One of the earliest mathematic models which found expression in biological systems is the Fibonacci sequence. The sequence is quite simple: it consists of a series of numbers where each new number in the series results from the addition of the previous two. An interesting feature of this sequence is that the ratio of adjacent values approaches a limiting value, given the symbol τ, which is often referred to as the “golden ratio”. The name came about because the golden ratio is a visually appealing proportion and is, therefore, consistently found in ancient art and Greek architecture. Surprisingly, it also occurs in biological contexts: sunflower seeds form a progression of helices that encode this ratio. Each seed is placed at a rotation angle of τ from the previous one. It is thought that Kepler was the first to realise this.

Since Kepler’s time, developmental biology—the field of biology concerned with describing how plants and animals grow—has evolved enormously. Although it began with noticing the prevalence of geometric patterns in living things, the question has since turned to one of modelling: scientists are interested in how the emergent properties of a system, such as the specific pattern of sunflower seeds, arise from the interaction of individual parts—proteins and other biomolecules. What makes it even more interesting, and challenging, is that the composition and structure of these thousands of molecules within each of the approximately 1014 cells in a human body are all entirely specified by the DNA code.

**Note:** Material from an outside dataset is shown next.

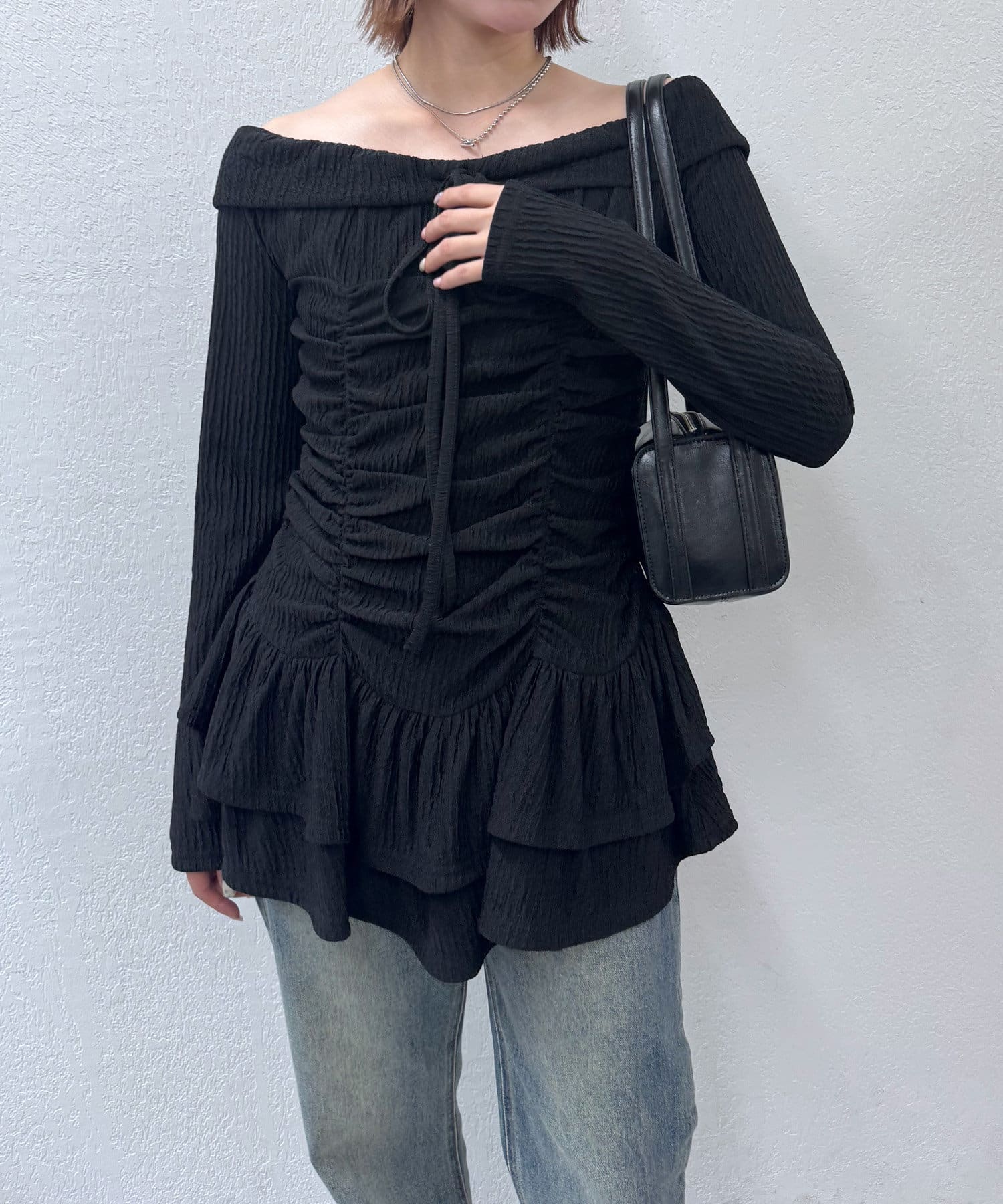 ・ギャザーが入っており、一枚で華やかな印象に♡

Modelling, together with computer simulation, hopes to fully understand the process of developing a functioning organism given only the DNA sequence. When an organism is developing, almost identical collections of cells form spatial patterns without any external stimulation, which result in features that are characteristic of that organism, such as the stripes on a zebra’s coat. Understanding how the cells “know” to organise themselves in this manner involves modelling processes within a single cell, as well as the interactions between cells.

Abstracting away that detail [of biological processes], however, leaves us with predictions that are too rough compared to experimental data.

Doing so, however, presents a significant challenge because of the scale of simulations that are involved: many of the processes that we aim to model contain too much detail for computers to handle. Abstracting away that detail, however, leaves us with predictions that are too rough compared to experimental data. This is where the field of AI, or artificial intelligence, comes in

AI and the subsidiary field of machine learning, abbreviated to ML, have proven useful in tackling highly complex problems on which more traditional techniques are not able to do particularly well. The success is largely down to the manner in which an ML algorithm works.  Broadly speaking, ML is an approach in which, rather than coding an algorithm to solve a particular problem, the machine or computer is provided with data and tasked with coming up with its own algorithm. This contrasts the traditional techniques, in which the scientist hard-codes the rules themselves. These “rules” are often inspired from real processes which occur in nature and are meant to mimic these processes, a method of modelling known as mechanistic modeling.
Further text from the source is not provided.